On top of those one-time revenues, the governor is proposing to dedicate $1.6 billion in future state revenue over the next 15 years to the fund. Those include tax dollars that lawmakers already agreed to divert to help schools in 2018. But the governor wants to extend the period they would be dedicated to the school district account from six to 15 years. They include:
· Interest on unclaimed property held by the Department of State Lands and state debt collections exceeding historical averages. The governor’s office estimates that could raise $185 million over 15 years.
· “Above trend” capital gains and estate tax revenues. The portion of those taxes exceeding a rolling historical average would be diverted to the School District Offset Account for 15 years. The governor’s office said that could raise $1.4 billion for the fund, the largest source of funds in the plan.
One key plank of the governor’s proposal — and likely the most controversial with teachers — is to reduce school districts’ pension obligations by instituting new pension contributions from employees. The governor’s plan calls for educators who are active Tier 1 and 2 members of PERS – those hired before August 28, 2003 and still working – to contribute 3 percent of their pay, after exempting the first $20,000 of salary.

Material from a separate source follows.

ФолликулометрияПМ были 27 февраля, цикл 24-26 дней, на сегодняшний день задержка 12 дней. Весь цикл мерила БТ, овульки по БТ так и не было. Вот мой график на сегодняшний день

Those hired after that date, called Tier 3 or OPSRP members, would contribute 1.5 percent of their pay after exempting the first $20,000 in salary. Those changes could cut schools’ pension contributions by about $100 million per biennium starting in the two-year budget cycle that begins in July 2021, and increase gradually from there.
The governor’s plan is far more expansive than the school district PERS plan she successfully pushed for the Legislature to pass last year. Her new plan diverts revenue streams to the school fund for a longer period and is particularly dependent on future capital gains tax revenues, which are historically volatile and make up nearly 40 percent of the forecast receipts in the plan. The $1.3 billion estimate from capital gains is based on an analysis of historical trends by the Office of Economic Analysis, but the actual results would depend on future performance of financial markets and whether Brown can convince lawmakers to divert those tax revenues for 15 years.
Based on cash flow projections from the governor’s office, however, a combination of those revenue streams could be sufficient to reduce some of the $375 million in pension cost increases schools will absorb during the coming two years budget cycle and hold them steady thereafter.
Some elements of the plan, including sweeping part of SAIF’s surplus, are anathema to some members of the business community, who say they depend on low worker’s compensation rates that SAIF’s strong surplus enables.
The Oregon PERS Coalition of public employees also questioned the plan’s legality.
“The proposal described today is a non-starter and lawmakers should reject it right out of the gate,” said a statement from the group. “It would be an immediate salary cut to the tens of thousands of teachers and public employees who educate our children, protect our safety and serve our communities. This convoluted, confusing and ill-conceived proposal also raises serious constitutional and legal issues that would send the state into court for another lengthy and expensive lawsuit.”